A sound body in a sound soul – Dr. Bruner 


(Published in Haaretz - June 1, 2006)

“Be alive as long as you live!” Dr. Reuven Bruner urges in every email he sends with his “Fitness Tip of the Day from the Holy Land.” In Bruner’s case, being alive has included boxing for Canada’s Olympic team, working out with a young Arnold Schwarzenegger in California, and running 336 miles in two days in Australia. Along the way, he has also studied law, received two masters degrees and a Ph.D, and become a Hasidic (Lubavitch) Jew.
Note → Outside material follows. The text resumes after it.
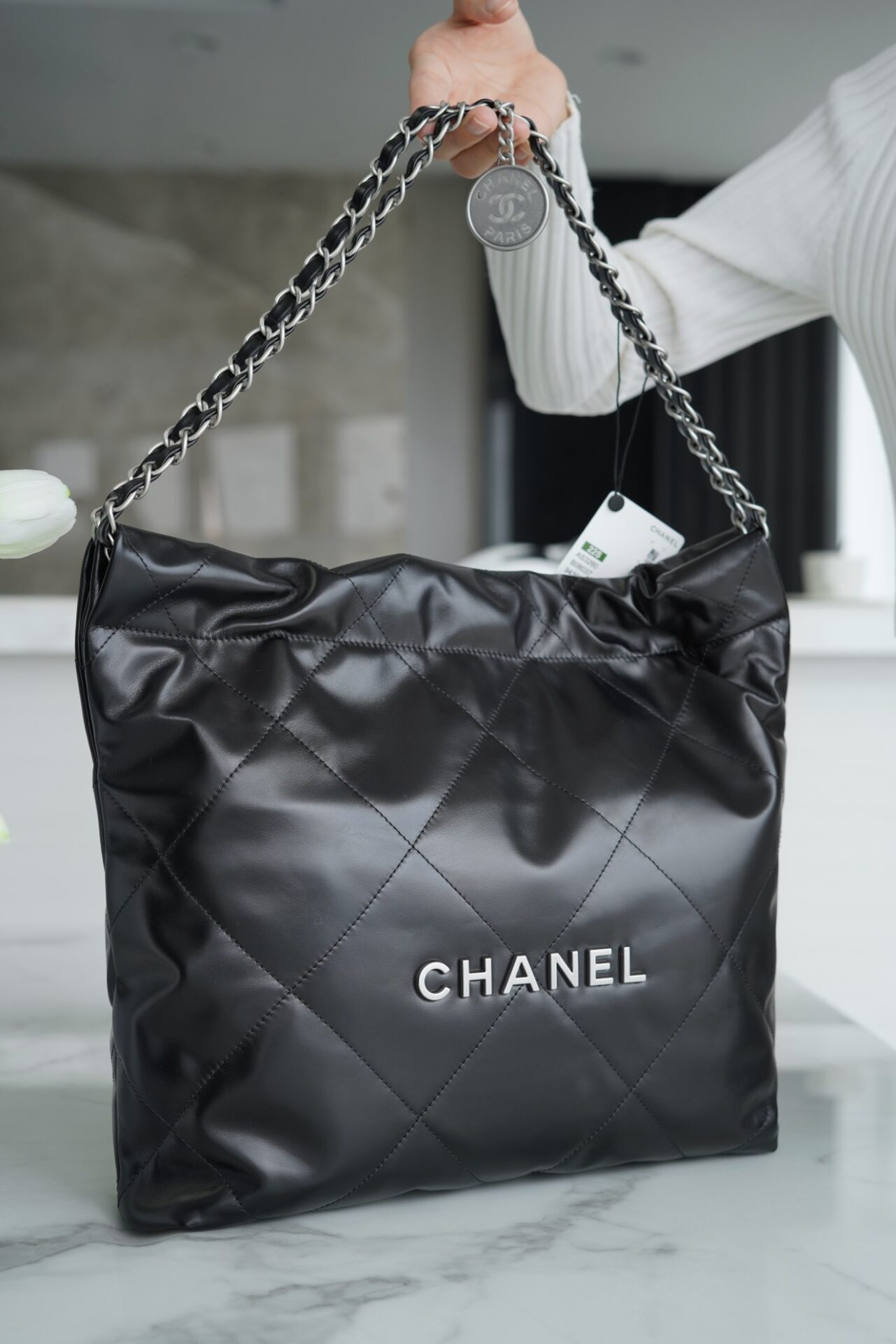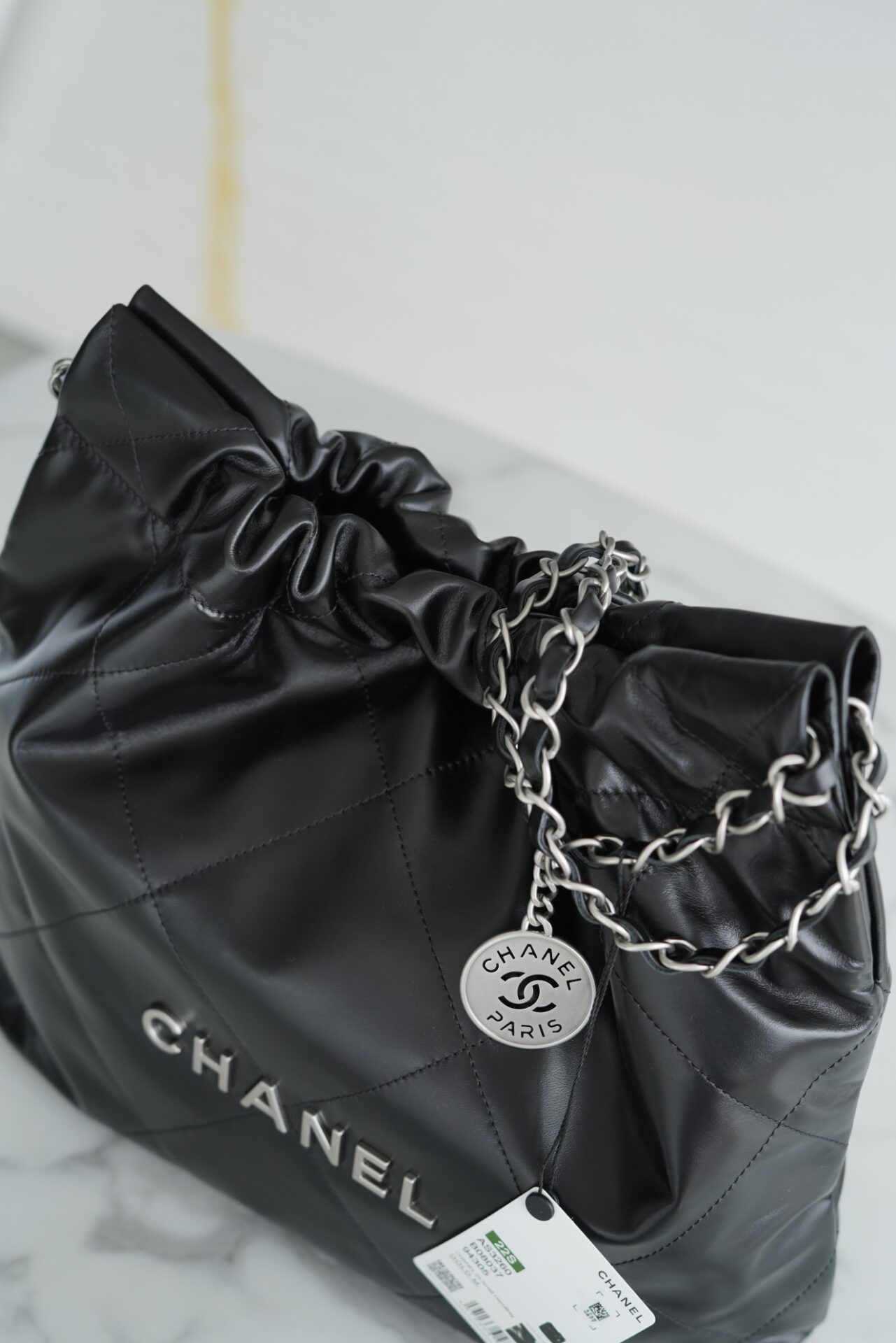 샤넬 (팬더) 22P 봄여름 신상 22 핸드백 스몰 블랙 실버버튼

Bruner was born in 1938 in Montreal and attended Baron Byng High School, the inspiration for Mordechai Richler’s book “The Apprenticeship of Duddy Kravitz.” (William Shatner – see article above – is also a graduate of Baron Byng and was once Bruner’s camp counselor.) “I was always involved in sports – running, soccer, ice hockey, baseball, boxing,” Bruner says, sitting in his Jerusalem clinic under a large photo of a younger version of himself.

The whole concept of sports was foreign to his immigrant parents, he explains. Bruner wriggles in his chair, as he painfully recalls his mother confronting and embarrassing him after he had slipped out of synagogue one Saturday to participate in a race with the record-breaking miler Roger Bannister. When Bruner left home at 18 to study at the University of Toronto, his mother made him promise to stop boxing. But he was not yet ready to throw in the towel. He transferred to Idaho State University on a boxing scholarship and later moved on to California, where he became an NCAA champion and won All-American honors.

‘Battling Bobby’


Bruner, fighting as a flyweight (112 pounds), competed for Canada in the Rome (1960) and Tokyo (1964) Olympics, and later turned pro, billed as “Battling Bobby” Bruner. He won all eight of his pro fights, but soon decided it was not the life he wanted. “I did very well, but was fed up on a mental level,” he says. “Thank God I was able to get out on time.”

He began studying law at USC and continued working out at Venice Beach with “lots of celebrities, plus all kinds of wrong people.” After two years of law school, he decided it “wasn’t my cup of tea,” and transferred to a masters program in political science at UCLA, concentrating on Eastern Europe and Russia. Bruner continued on toward a doctorate, but again decided to change course. He completed an MA in exercise physiology, and later added an MA in nutrition and Ph.D in health psychology and exercise physiology.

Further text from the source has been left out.